Task details
Among the entries below, one line contains "Estilo chino Blusa" and another contains "1、简洁清爽的界面风格,配上写实的冲浪角色,随时随地体验一把冲浪的刺激". Transcribe those two lines and every line between them, exactly.

Records supplied
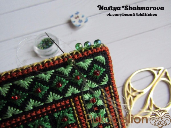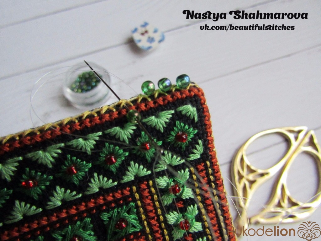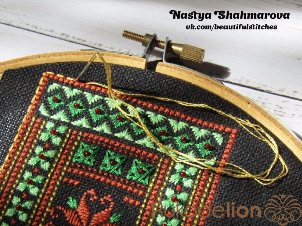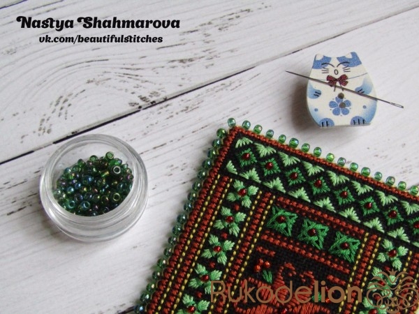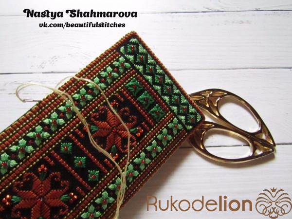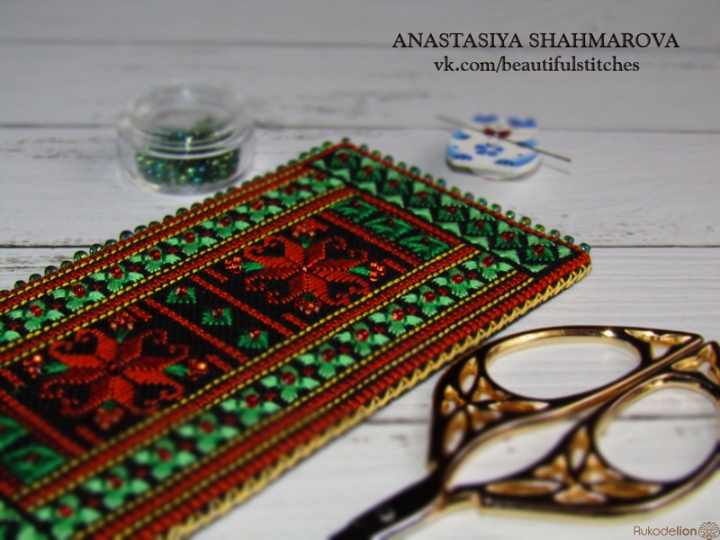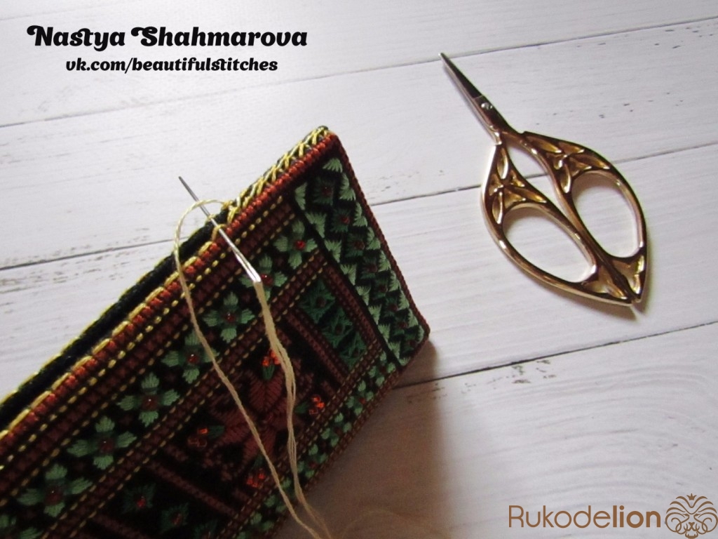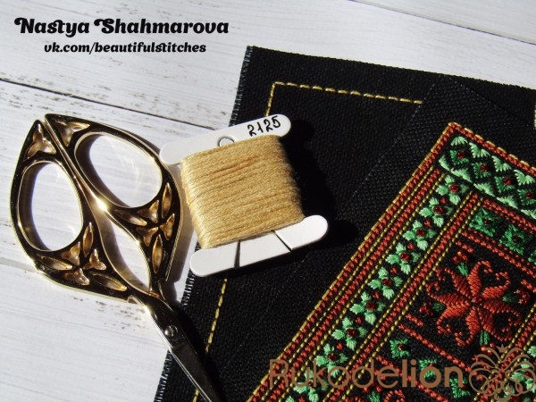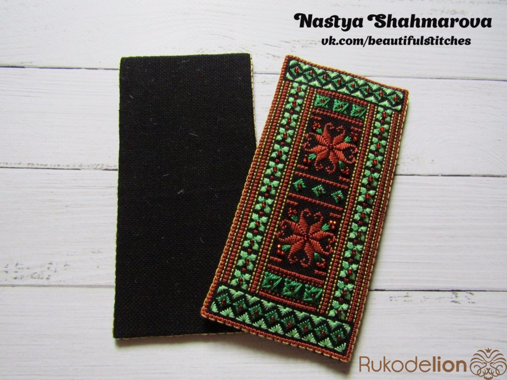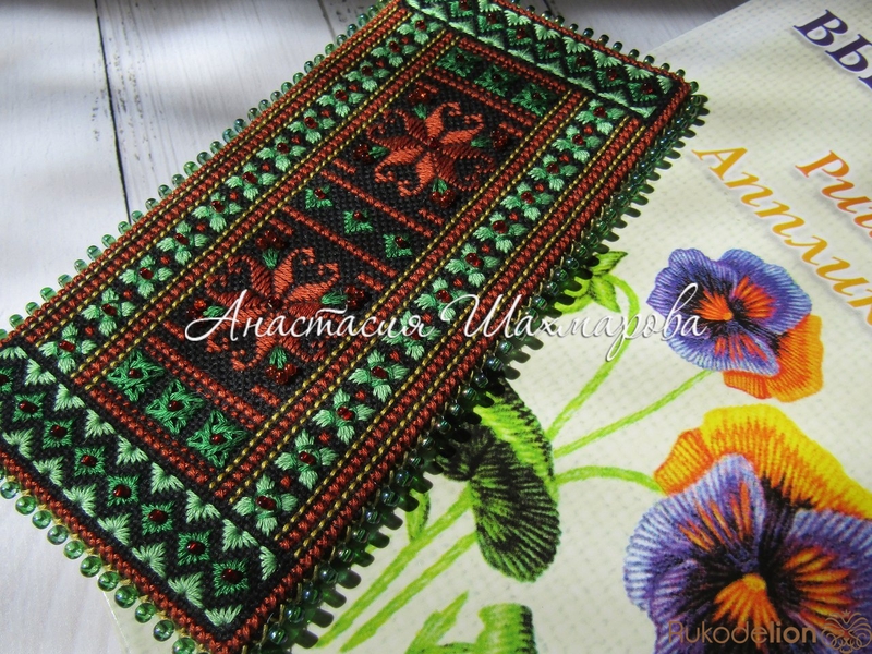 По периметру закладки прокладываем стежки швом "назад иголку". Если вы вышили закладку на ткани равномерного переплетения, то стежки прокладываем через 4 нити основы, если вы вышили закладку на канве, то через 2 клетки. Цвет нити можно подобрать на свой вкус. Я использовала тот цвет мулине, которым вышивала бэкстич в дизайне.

---

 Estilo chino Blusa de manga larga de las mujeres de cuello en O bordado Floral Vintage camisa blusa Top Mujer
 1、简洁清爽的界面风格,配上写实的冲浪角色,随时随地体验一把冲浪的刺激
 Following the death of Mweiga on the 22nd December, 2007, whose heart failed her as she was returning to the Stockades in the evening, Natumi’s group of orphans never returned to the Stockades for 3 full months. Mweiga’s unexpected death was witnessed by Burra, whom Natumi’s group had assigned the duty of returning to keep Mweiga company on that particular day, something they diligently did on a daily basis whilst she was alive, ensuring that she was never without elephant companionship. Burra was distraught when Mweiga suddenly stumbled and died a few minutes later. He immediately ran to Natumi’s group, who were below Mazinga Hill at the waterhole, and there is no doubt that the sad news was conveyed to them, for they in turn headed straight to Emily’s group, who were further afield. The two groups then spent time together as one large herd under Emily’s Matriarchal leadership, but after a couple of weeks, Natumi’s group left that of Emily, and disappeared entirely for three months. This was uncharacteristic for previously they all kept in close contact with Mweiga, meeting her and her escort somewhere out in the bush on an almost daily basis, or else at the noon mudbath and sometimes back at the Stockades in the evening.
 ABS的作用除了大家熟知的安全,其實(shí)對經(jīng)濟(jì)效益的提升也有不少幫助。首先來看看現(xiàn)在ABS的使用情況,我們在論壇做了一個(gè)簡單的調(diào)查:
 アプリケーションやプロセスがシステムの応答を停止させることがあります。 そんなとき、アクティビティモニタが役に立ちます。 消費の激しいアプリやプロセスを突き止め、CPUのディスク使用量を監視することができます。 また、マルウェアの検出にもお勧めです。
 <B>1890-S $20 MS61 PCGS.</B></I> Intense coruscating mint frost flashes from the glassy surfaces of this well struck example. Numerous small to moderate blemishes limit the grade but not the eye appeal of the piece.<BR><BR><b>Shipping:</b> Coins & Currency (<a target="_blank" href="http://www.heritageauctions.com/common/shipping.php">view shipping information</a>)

...

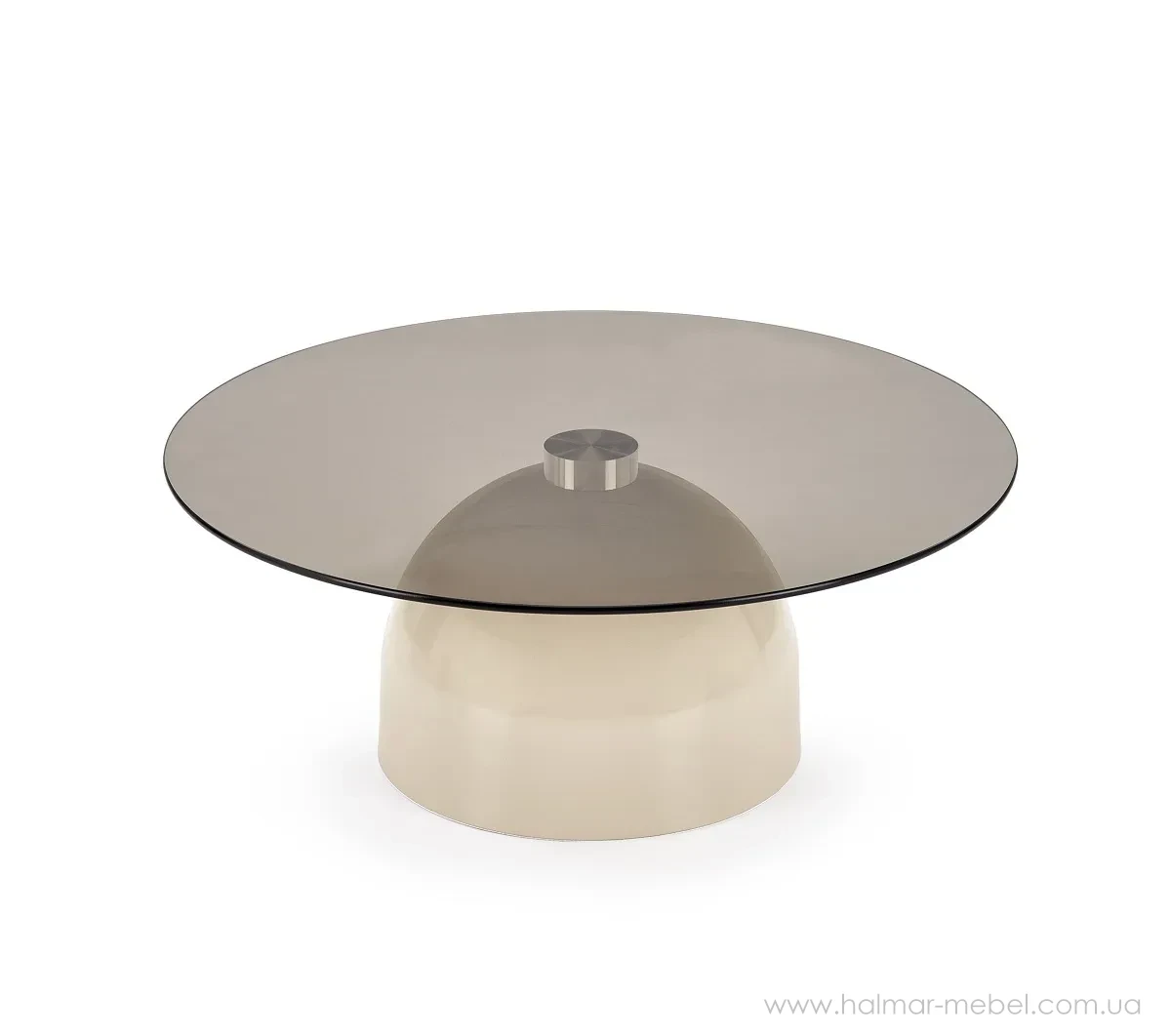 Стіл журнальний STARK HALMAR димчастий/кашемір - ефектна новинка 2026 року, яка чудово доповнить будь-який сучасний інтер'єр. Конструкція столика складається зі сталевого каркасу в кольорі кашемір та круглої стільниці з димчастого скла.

Exercise result
 Estilo chino Blusa de manga larga de las mujeres de cuello en O bordado Floral Vintage camisa blusa Top Mujer
 1、简洁清爽的界面风格,配上写实的冲浪角色,随时随地体验一把冲浪的刺激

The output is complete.